Cuervo specifically disputed the lower court's findings regarding three of the eight factors.
Under the first factor, the strength of the plaintiff's mark, the court found appropriate the district court's finding that the dripping red wax seal constituted a strong mark, through its uniqueness, its distinctiveness, and its 50-year history of use by the whiskey distillery. This finding was supported by evidence of Maker's Mark's extensive advertising reinforcing the mark.
The court agreed that any evidence of use of such a seal by third parties did not upset the ruling on strength because such use was “limited and unconvincing because it concerned seals used on all distilled spirits,” rather than being focused on the relevant market.
Furthermore, the court rejected Cuervo's contention that the district court, in considering strength, improperly considered surveys of too broad a market of drinkers of distilled spirits generally rather than those who specifically were likely to buy Cuervo tequila. According to the court, while this evidence was taken into account, the district court did not rely too heavily on it, and “based its holding primarily on the seal's 'unique design and [Maker's Mark's] singular marketing efforts.' ”
Turning to the factor addressing the similarity of the Cuervo trade dress to Maker's Mark's trade dress, Cuervo said that the appearance of the companies' house marks on the bottles significantly reduced any similarity created by the use of dripping red wax seals.

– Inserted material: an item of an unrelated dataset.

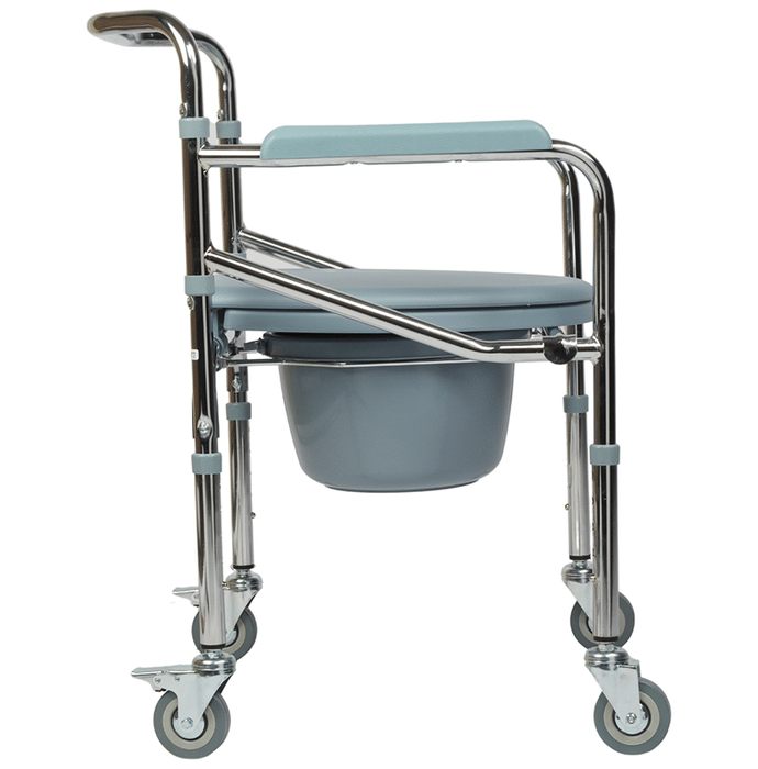 VMS Careline VWE 1032 Standard Foldable Commode Wheelchair with Long Bucket and Splash Guard VMS Careline VWE 1032 Standard Foldable Commode Wheelchair with Long Bucket and Splash Guard comes with a foldable design that helps to transport and store easily. It has a steel frame with height adjustment from 17.5 to 21.5 inches and a net weight of 9 kg. It is user-friendly and safe to use.

However, the court said that the appearance of a house mark does not always have significant weight in the analysis of similarity, although it is a factor to be considered. Its weight and importance depended on the facts of the particular case in question.
In this case, the court noted the district court's focus on factors that diminished the significance of the house marks: (1) the fact that consumers are largely “unaware of the affiliations between brands of distilled spirits, and that some companies produce multiple types of distilled spirits”; and (2) that house marks are generally more significant in “a palming off case than in an association case.”
Finally, the court rejected Cuervo's argument that the district court improperly weighed as neutral the fact that neither side had produced meaningful evidence of actual confusion. According to Cuervo, the lack of actual confusion should have weighed in its own favor.
However, the court said, the lack of actual confusion occurred in the context that Cuervo's accused tequila trade dress “was sold for a short time and in limited quantities; under these circumstances, it is reasonable that no meaningful evidence of actual confusion was available.”
Having rejected Cuervo's criticisms of the lower court's consideration of specific factors in the likelihood of confusion analysis, the court then weighed all eight factors. Noting that the majority--including strength, relatedness of the goods, similarity, and marketing channels--favored Maker's Mark, the court concluded that the “balance of the factors compels a finding of infringement.”
The court thus affirmed the district court's ruling of trade dress infringement and its award of an injunction in Maker's Mark's favor.
The court's opinion was joined by Judges Karen Nelson Moore and Deborah L. Cook.
Cuervo was represented by Michael Aschen of Abelman Frayne & Schwab, New York. Maker's Mark was represented by Edward T. Colbert of Kenyon & Kenyon, Washington, D.C.